Your instructions:
In the records below, find the line containing "sobre os preços;" and return it together with every later line, exactly as written; pictures are to be omitted.

Saved entries:

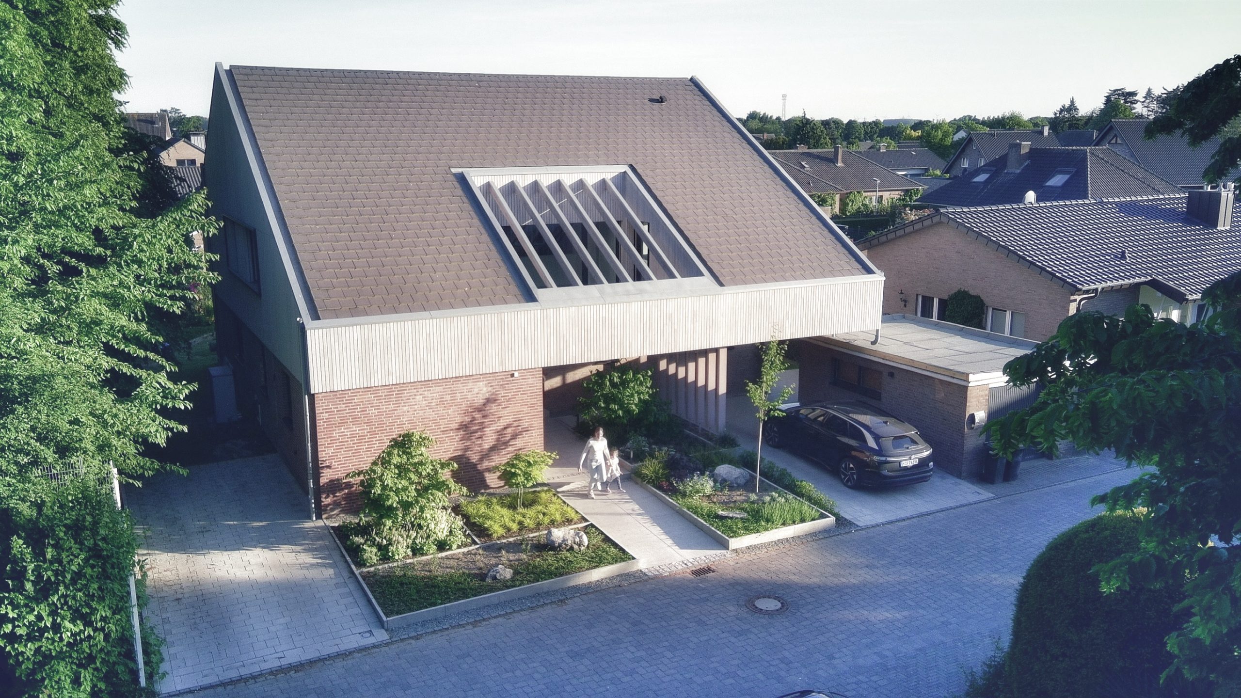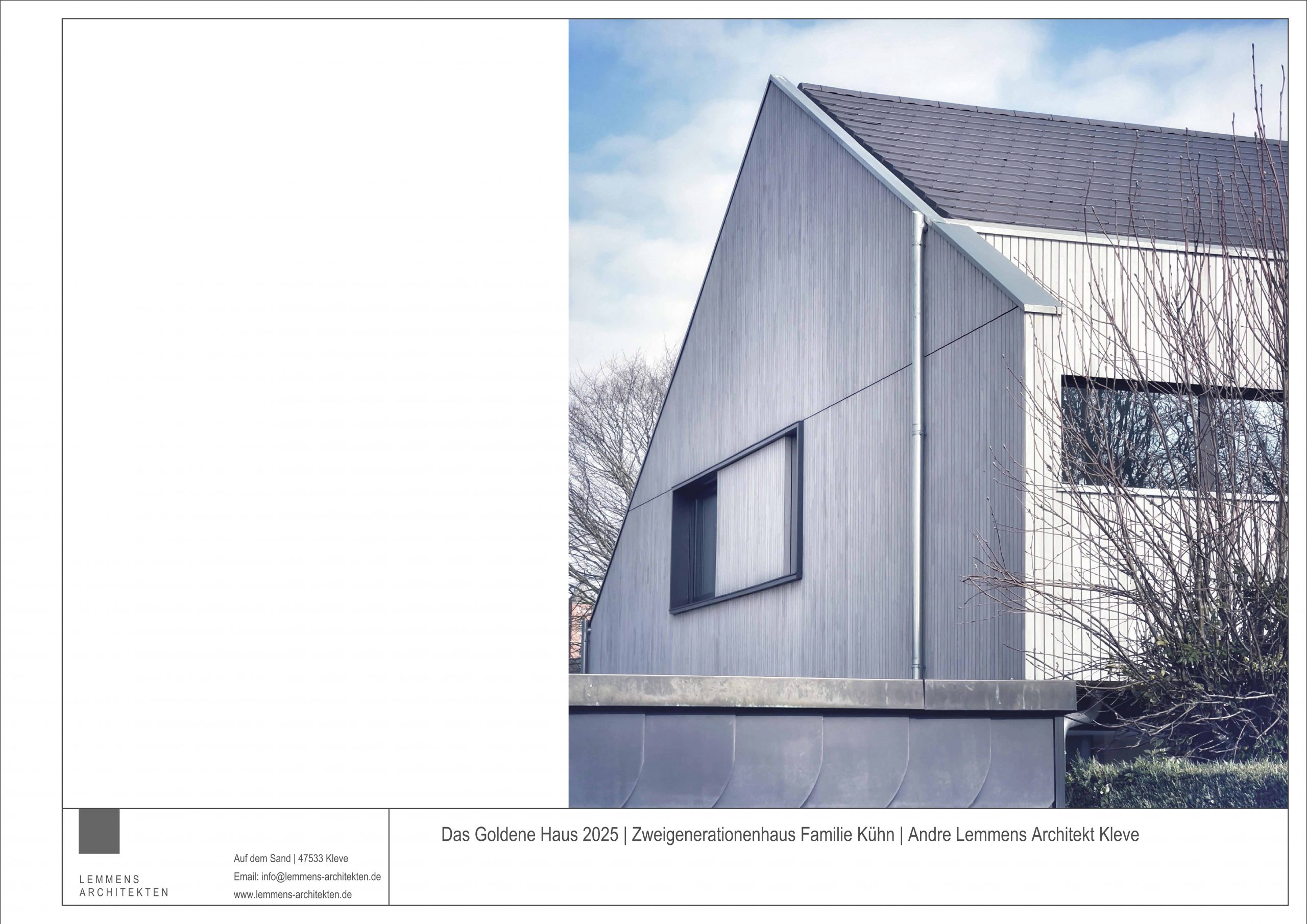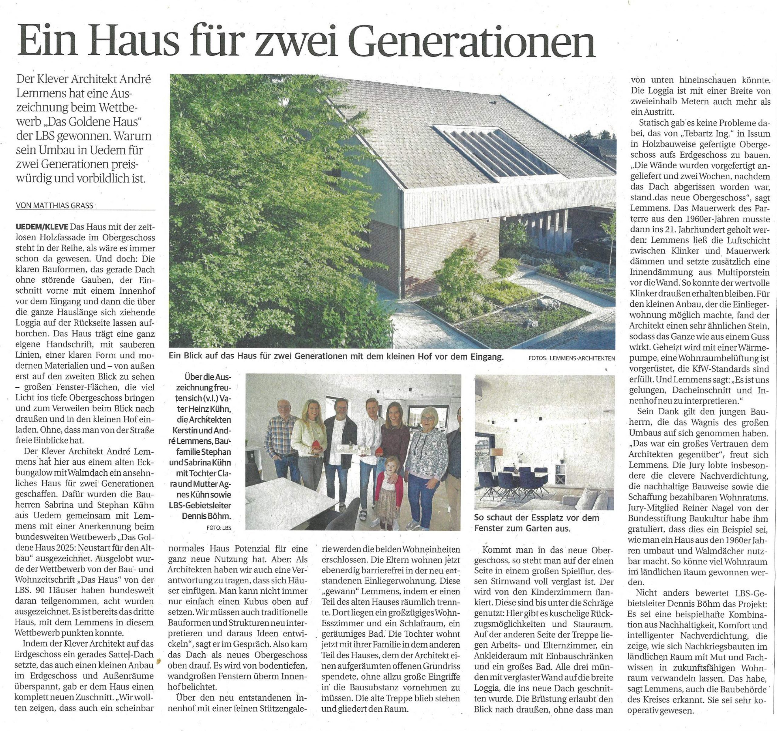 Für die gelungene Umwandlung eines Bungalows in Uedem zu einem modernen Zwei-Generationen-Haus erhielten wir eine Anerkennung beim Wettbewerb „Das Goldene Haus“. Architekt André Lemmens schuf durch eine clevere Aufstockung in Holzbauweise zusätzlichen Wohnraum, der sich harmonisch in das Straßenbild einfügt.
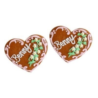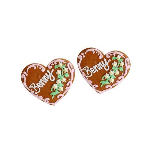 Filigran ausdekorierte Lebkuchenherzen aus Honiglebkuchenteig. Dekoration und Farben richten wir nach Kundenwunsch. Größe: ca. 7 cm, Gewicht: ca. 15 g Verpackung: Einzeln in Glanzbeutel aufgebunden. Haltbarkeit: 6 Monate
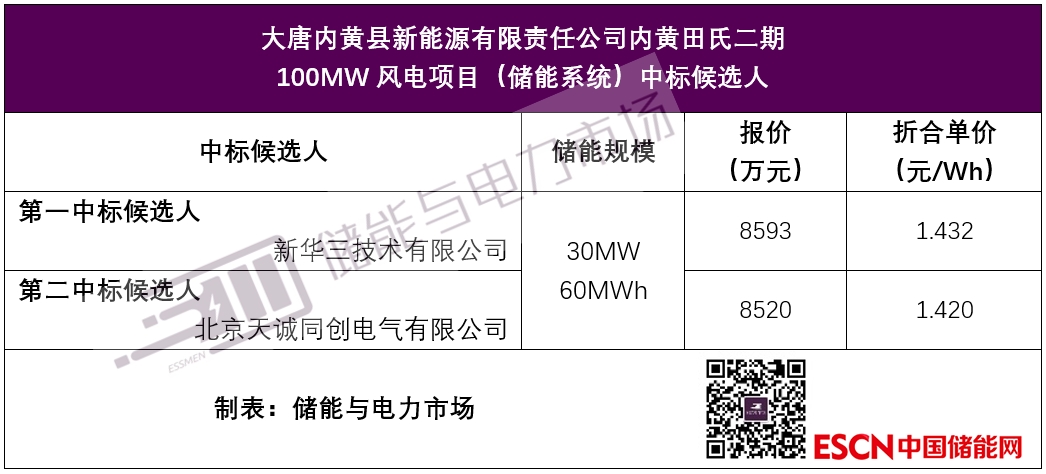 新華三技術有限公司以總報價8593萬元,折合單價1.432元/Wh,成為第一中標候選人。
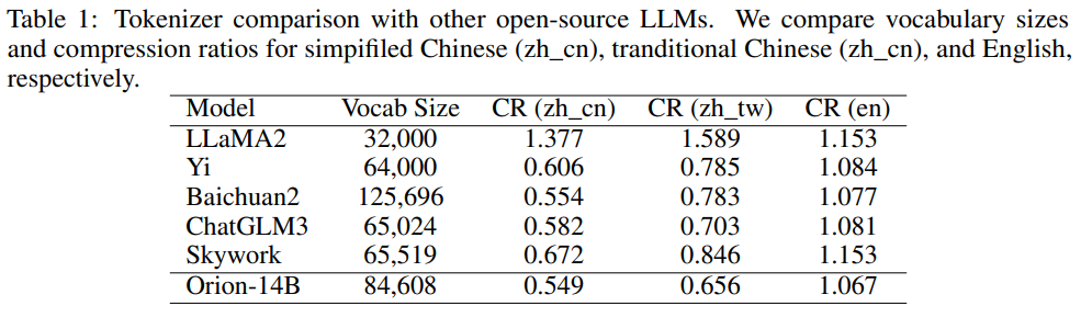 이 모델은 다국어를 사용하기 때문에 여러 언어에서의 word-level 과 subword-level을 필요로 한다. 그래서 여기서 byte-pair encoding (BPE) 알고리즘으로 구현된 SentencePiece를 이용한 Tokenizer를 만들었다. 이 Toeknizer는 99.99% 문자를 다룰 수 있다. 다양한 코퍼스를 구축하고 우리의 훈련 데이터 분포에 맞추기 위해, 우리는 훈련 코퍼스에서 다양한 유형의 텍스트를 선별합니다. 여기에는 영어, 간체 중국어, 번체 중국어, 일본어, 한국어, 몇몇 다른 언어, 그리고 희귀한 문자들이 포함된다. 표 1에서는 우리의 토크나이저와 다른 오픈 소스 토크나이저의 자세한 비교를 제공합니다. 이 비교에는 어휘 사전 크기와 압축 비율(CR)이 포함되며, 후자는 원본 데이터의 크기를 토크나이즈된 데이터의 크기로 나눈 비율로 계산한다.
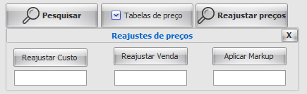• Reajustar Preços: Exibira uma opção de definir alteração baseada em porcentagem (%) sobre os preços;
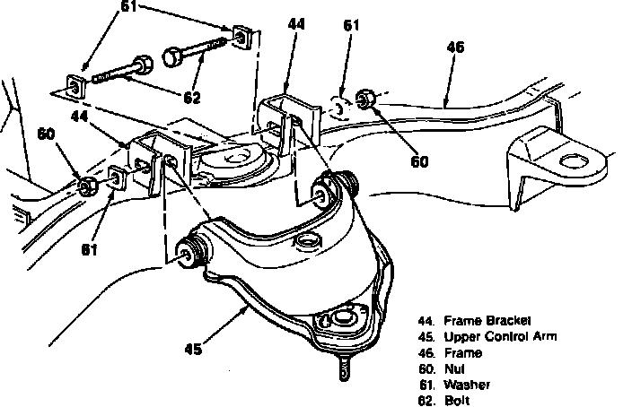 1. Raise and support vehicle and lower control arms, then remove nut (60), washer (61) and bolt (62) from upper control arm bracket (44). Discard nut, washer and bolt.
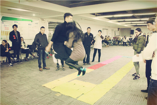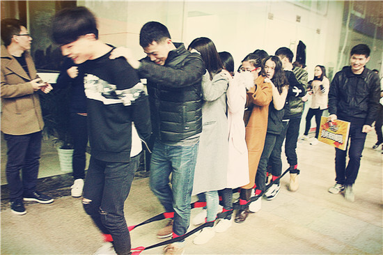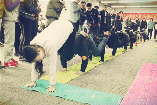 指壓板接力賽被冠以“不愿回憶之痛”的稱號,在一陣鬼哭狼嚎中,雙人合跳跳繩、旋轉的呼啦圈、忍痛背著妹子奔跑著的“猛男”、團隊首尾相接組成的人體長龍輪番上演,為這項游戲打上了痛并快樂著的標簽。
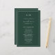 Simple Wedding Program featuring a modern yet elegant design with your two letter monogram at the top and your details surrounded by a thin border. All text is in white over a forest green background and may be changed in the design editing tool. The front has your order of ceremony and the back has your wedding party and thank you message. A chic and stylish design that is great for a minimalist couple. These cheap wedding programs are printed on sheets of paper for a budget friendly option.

Answer below:
• Reajustar Preços: Exibira uma opção de definir alteração baseada em porcentagem (%) sobre os preços;
 1. Raise and support vehicle and lower control arms, then remove nut (60), washer (61) and bolt (62) from upper control arm bracket (44). Discard nut, washer and bolt.
 指壓板接力賽被冠以“不愿回憶之痛”的稱號,在一陣鬼哭狼嚎中,雙人合跳跳繩、旋轉的呼啦圈、忍痛背著妹子奔跑著的“猛男”、團隊首尾相接組成的人體長龍輪番上演,為這項游戲打上了痛并快樂著的標簽。
 Simple Wedding Program featuring a modern yet elegant design with your two letter monogram at the top and your details surrounded by a thin border. All text is in white over a forest green background and may be changed in the design editing tool. The front has your order of ceremony and the back has your wedding party and thank you message. A chic and stylish design that is great for a minimalist couple. These cheap wedding programs are printed on sheets of paper for a budget friendly option.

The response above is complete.